◆ Task: Find "camicia da donna" below and begin at its line; stop after the line with "腰椎、骶椎的神经根从硬膜囊发". Output those lines exactly, without pictures.
(Provided records begins)
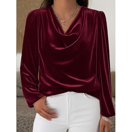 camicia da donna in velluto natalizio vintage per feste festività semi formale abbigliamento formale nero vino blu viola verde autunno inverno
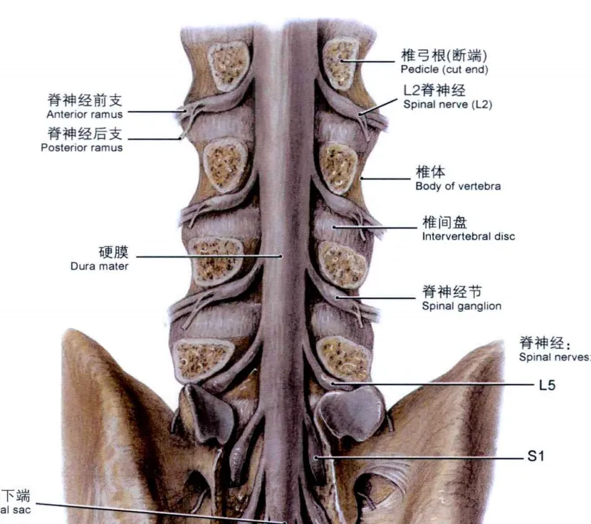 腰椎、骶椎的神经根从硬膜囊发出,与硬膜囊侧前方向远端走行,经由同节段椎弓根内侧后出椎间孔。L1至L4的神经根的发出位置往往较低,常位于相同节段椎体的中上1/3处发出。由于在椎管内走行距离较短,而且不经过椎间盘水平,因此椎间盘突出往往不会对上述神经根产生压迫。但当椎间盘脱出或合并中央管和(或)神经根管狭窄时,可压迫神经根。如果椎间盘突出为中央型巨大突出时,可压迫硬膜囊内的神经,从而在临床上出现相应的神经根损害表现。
(Provided records ends)
(Provided records begins)
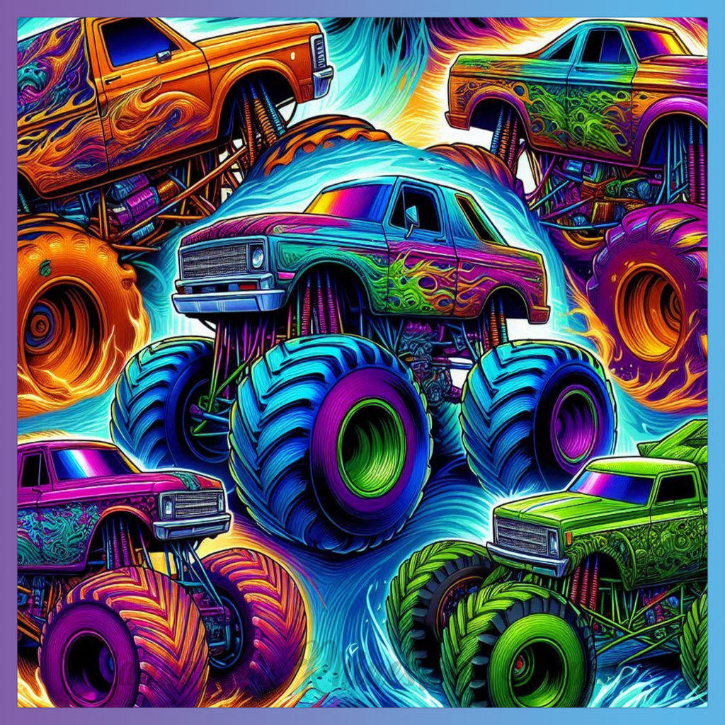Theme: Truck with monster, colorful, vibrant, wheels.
(Provided records ends)
◆ Your response:
 camicia da donna in velluto natalizio vintage per feste festività semi formale abbigliamento formale nero vino blu viola verde autunno inverno
 腰椎、骶椎的神经根从硬膜囊发出,与硬膜囊侧前方向远端走行,经由同节段椎弓根内侧后出椎间孔。L1至L4的神经根的发出位置往往较低,常位于相同节段椎体的中上1/3处发出。由于在椎管内走行距离较短,而且不经过椎间盘水平,因此椎间盘突出往往不会对上述神经根产生压迫。但当椎间盘脱出或合并中央管和(或)神经根管狭窄时,可压迫神经根。如果椎间盘突出为中央型巨大突出时,可压迫硬膜囊内的神经,从而在临床上出现相应的神经根损害表现。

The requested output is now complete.